Architecture Overview​

Curvine adopts a layered distributed architecture design that ensures clear component responsibilities with excellent scalability and high availability. The entire architecture is primarily divided into three layers: control layer (Master), storage layer (Workers), and access layer (clients: FUSE, SDK, CLI, S3 gateway), which collaborate to complete data storage, processing, and management tasks.

Curvine consists of three main server-side roles plus clients and UFS:

mount-arch

Curvine Client: Data read/write operations are implemented by the client, which calls Curvine server-side interfaces through RPC (metadata from Master, block data from Workers). The client supports multiple access methods:

  • FUSE Mount: POSIX-compatible mount via libfuse/3 (curvine-fuse)
  • HDFS & SDK: Java / Python / libsdk interfaces
  • S3 Gateway: S3-compatible API (curvine-s3-gateway)
  • CSI Driver: Kubernetes volume driver (curvine-csi)
  • CLI (cv): Admin tools for fs ops, report, and cluster management

Internally, the client layer is composed of:

  • UnifiedFileSystem: Provides unified namespace with CurvineFS + UFS fallback
  • FsReader / FsWriter: Parallel, buffered I/O with zero-copy optimization
  • BlockClient Pool: Manages block_reader / block_writer for local and remote access
  • Mount & Meta Cache: Caches mount info and inode metadata

Master: The core control node; responsible for metadata (directory tree, file inodes, block locations), Worker registration, block allocation, and UFS mount table. Master can run as multiple nodes forming a Raft group for high availability; only the Raft leader serves metadata writes.

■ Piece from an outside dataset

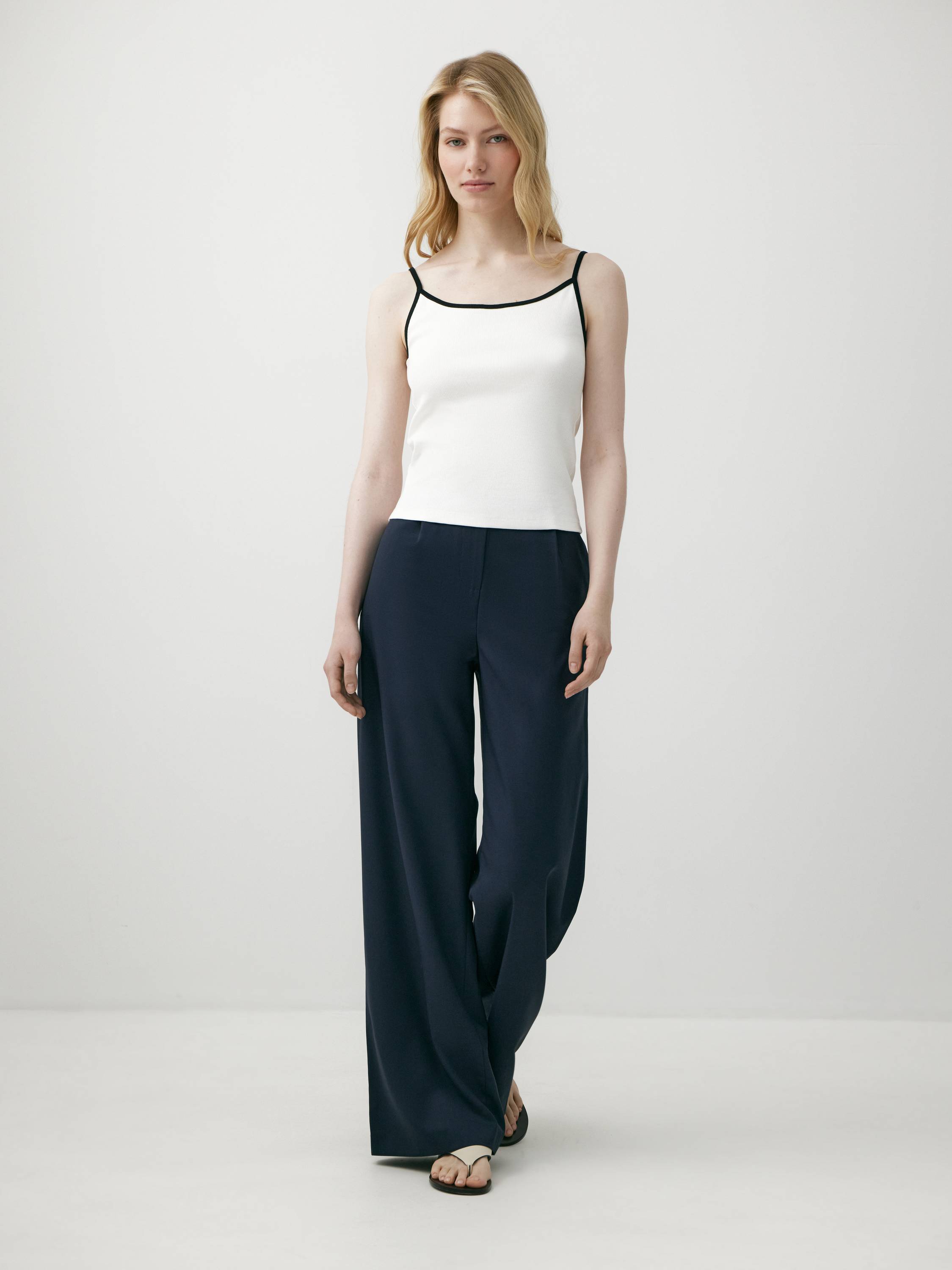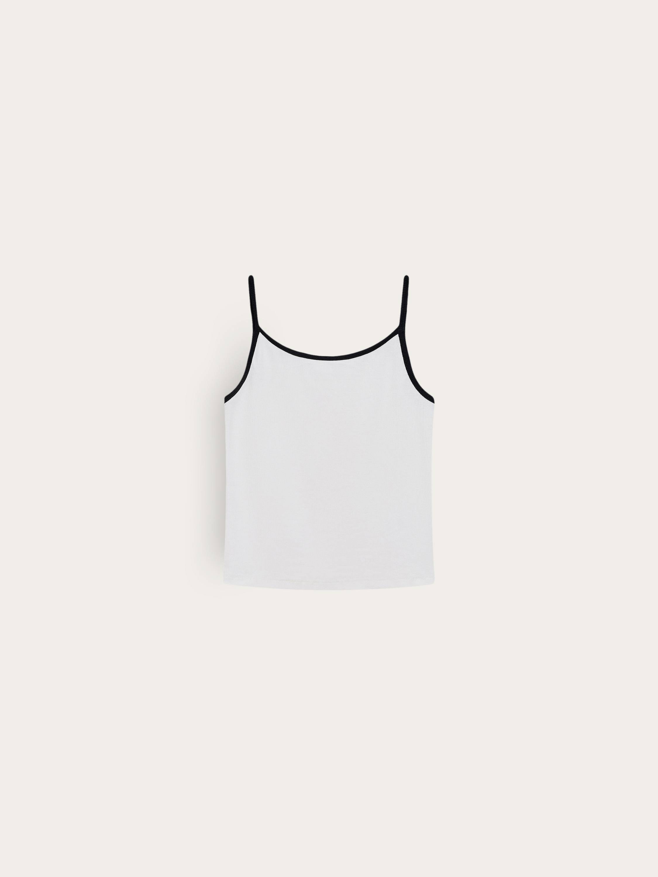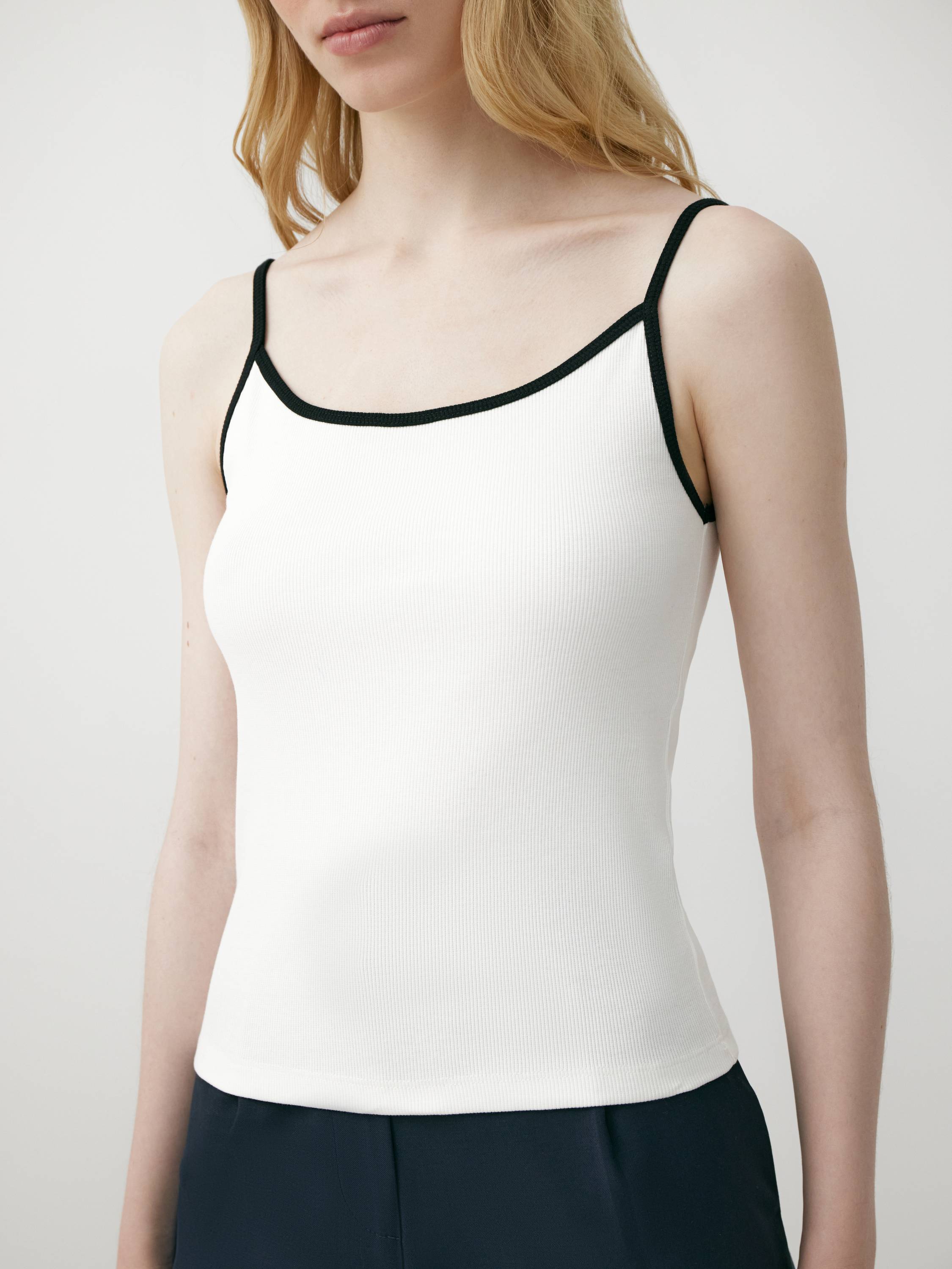 Минималистичный топ на тонких бретелях выполнен из мягкого смесового хлопка с добавлением эластана. Ткань в мелкий рубчик комфортно прилегает к телу, мягко подчеркивая силуэт и обеспечивая свободу движений. Контрастная окантовка по вырезу придает модели графичность и визуальную четкость, сохраняя при этом ощущение легкости. За счет лаконичного дизайна топ легко адаптируется под разные стили — от расслабленного повседневного до более структурного образа с жакетом. Сдержанная палитра делает его универсальной базой на каждый день.

The Master cluster mainly includes:

  • MasterServer: RPC handling and routing
  • MasterFilesystem: File system operations (mkdir, create, rename, delete, list)
  • FsDir + InodeStore: In-memory inode tree and metadata management
  • JournalSystem: Edit log and snapshot for recovery
  • Worker / Mount Manager: Worker heartbeat and UFS mount management
  • Quota / Job / Replication: Quota control, TTL, eviction, replication scheduling
  • RocksDB Metadata Store: Persistent metadata storage
  • Raft Consensus: Leader election and log replication

Worker: Stores block data and serves block read/write RPC; reports to Master via heartbeat. Does not hold file system metadata.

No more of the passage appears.